**What is being asked**: Only the lines from the beginning of the material below through the line with "Mercedes-Benz GLB 200d" should be retyped exactly, and pictures are to be skipped.

**Information supplied**:
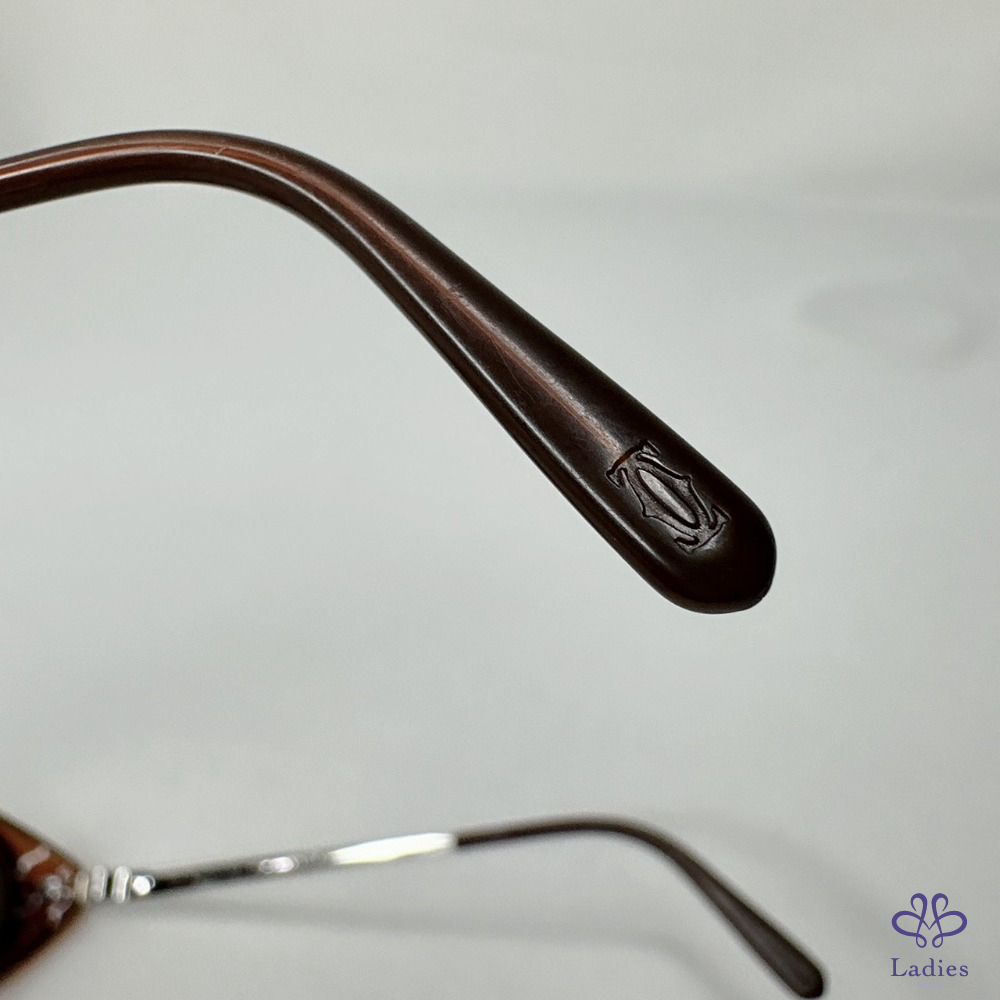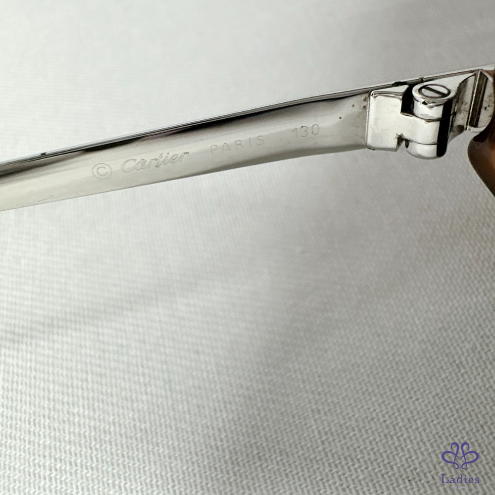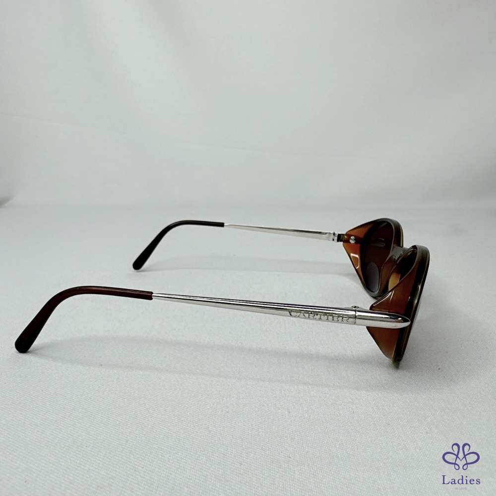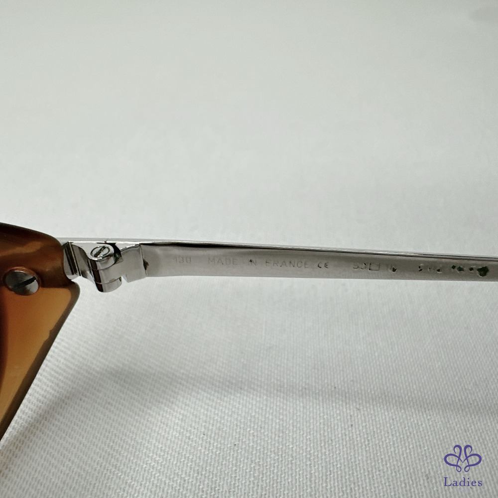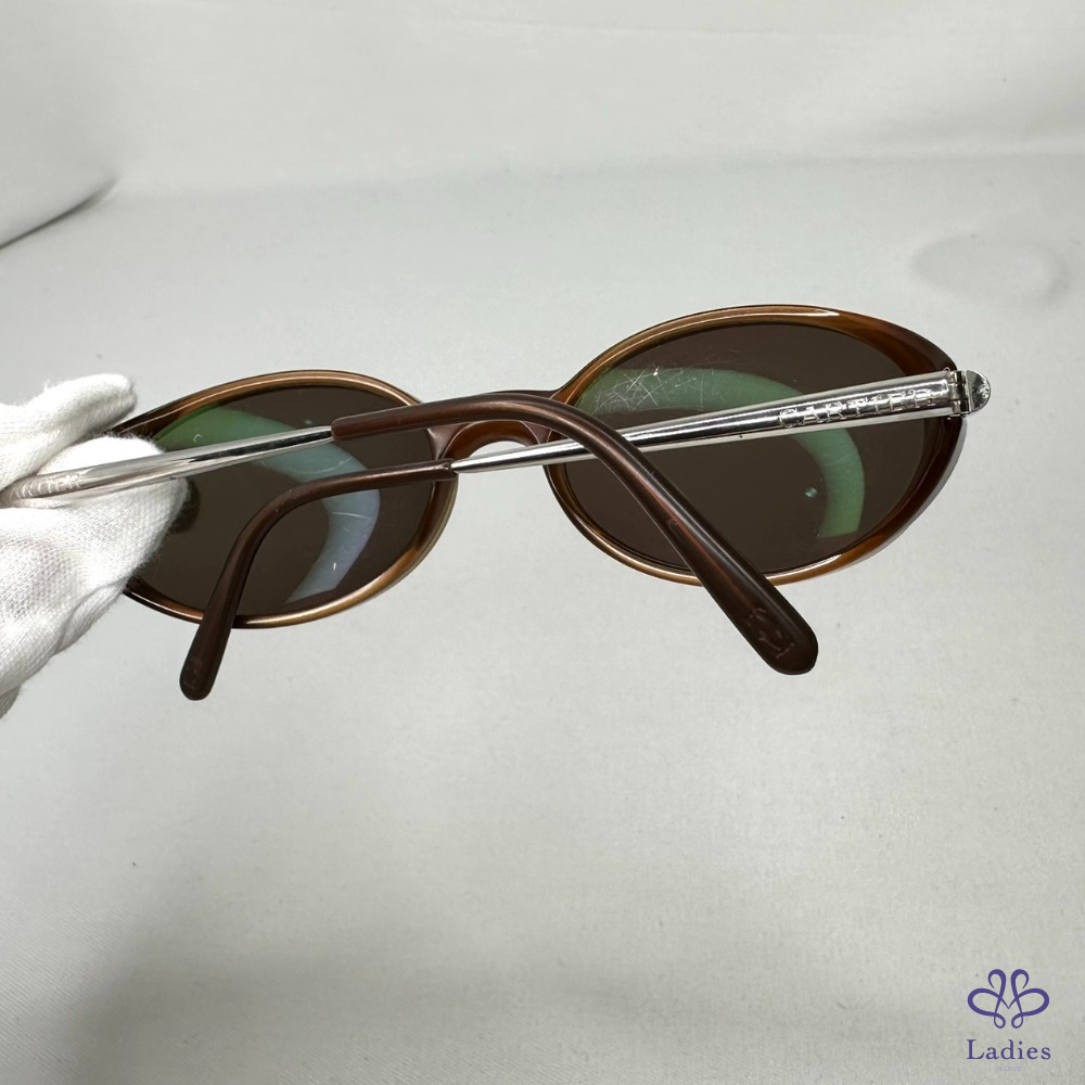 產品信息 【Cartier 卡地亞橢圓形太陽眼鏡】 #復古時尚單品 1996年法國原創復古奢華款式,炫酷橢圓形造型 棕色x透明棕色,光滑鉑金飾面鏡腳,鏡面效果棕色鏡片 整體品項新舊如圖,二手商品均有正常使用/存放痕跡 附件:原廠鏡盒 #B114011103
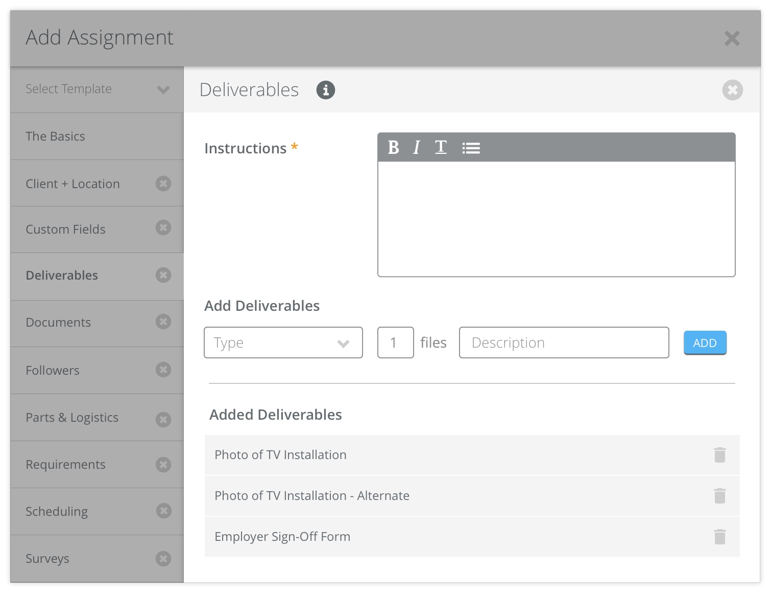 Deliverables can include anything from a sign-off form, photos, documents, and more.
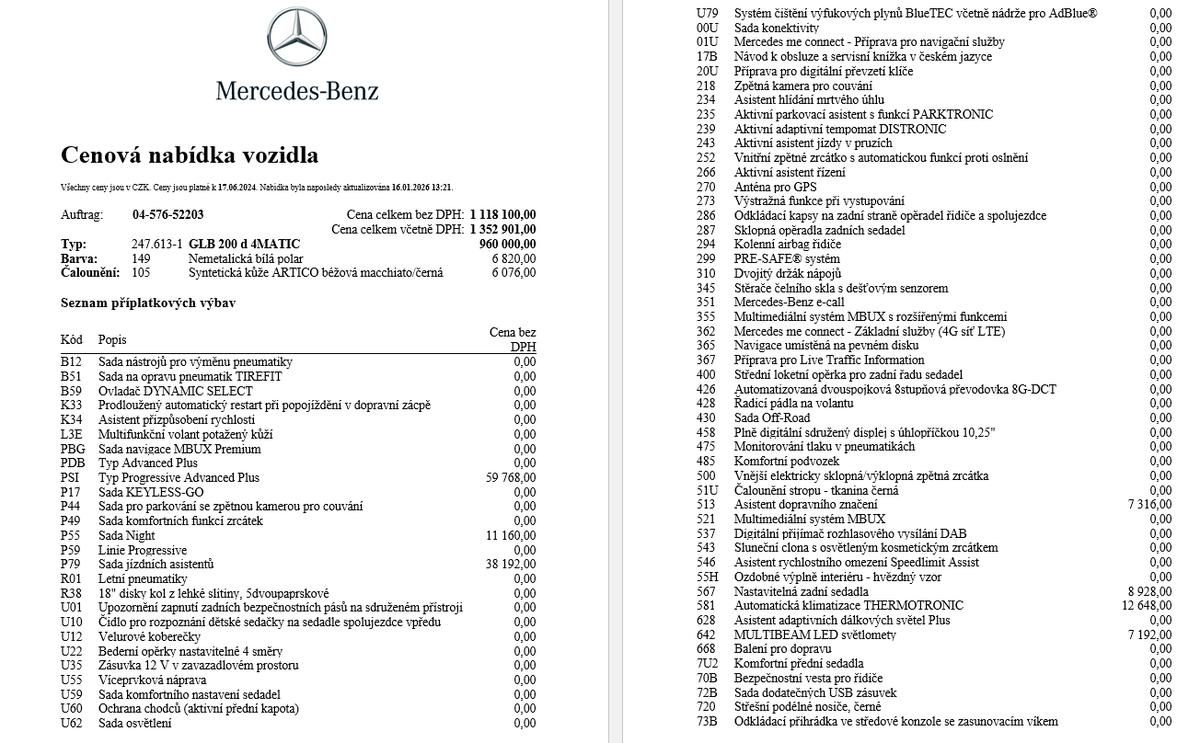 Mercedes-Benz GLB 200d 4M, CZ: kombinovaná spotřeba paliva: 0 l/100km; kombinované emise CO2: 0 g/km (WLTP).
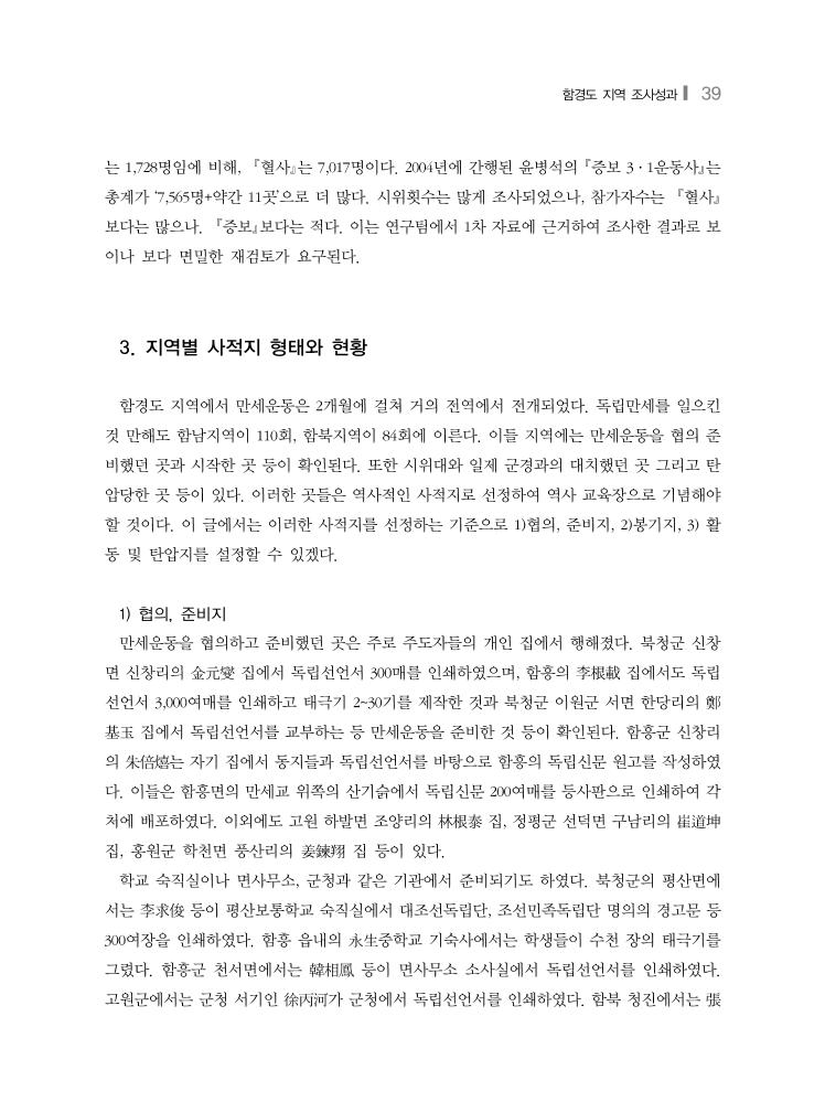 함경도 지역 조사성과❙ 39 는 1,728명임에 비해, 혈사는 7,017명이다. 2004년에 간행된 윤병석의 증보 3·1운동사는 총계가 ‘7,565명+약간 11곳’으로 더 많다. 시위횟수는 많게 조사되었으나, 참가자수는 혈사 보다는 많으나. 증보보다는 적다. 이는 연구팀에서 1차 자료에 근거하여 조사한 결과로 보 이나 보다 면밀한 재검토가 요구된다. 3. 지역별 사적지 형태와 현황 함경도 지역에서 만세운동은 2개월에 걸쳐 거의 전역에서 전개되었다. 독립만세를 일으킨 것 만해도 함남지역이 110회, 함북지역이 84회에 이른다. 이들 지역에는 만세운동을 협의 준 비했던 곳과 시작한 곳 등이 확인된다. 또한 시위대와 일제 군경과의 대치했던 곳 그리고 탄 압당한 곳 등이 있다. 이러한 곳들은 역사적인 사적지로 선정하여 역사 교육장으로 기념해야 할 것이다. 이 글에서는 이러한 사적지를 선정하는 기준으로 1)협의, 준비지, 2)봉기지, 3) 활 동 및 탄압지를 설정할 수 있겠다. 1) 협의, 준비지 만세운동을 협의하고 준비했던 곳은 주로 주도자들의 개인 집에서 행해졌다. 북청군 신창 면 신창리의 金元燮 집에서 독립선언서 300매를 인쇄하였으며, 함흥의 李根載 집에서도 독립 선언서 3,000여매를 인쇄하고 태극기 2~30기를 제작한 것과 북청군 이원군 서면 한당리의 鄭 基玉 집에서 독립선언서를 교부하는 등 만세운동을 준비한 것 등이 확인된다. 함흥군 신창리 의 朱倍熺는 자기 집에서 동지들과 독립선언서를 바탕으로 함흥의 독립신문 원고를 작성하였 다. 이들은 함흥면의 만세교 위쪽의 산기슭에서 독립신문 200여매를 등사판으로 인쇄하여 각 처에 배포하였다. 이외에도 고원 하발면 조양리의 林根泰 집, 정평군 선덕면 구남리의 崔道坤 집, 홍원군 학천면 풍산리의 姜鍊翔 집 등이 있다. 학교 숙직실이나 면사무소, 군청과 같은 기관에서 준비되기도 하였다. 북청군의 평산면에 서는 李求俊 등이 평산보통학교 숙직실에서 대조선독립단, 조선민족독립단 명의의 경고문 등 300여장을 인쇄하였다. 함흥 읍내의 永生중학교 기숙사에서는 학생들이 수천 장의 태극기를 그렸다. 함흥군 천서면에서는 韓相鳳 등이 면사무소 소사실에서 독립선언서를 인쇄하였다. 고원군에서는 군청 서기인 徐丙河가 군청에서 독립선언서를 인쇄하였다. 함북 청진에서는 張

**Task answer**:
 產品信息 【Cartier 卡地亞橢圓形太陽眼鏡】 #復古時尚單品 1996年法國原創復古奢華款式,炫酷橢圓形造型 棕色x透明棕色,光滑鉑金飾面鏡腳,鏡面效果棕色鏡片 整體品項新舊如圖,二手商品均有正常使用/存放痕跡 附件:原廠鏡盒 #B114011103
 Deliverables can include anything from a sign-off form, photos, documents, and more.
 Mercedes-Benz GLB 200d 4M, CZ: kombinovaná spotřeba paliva: 0 l/100km; kombinované emise CO2: 0 g/km (WLTP).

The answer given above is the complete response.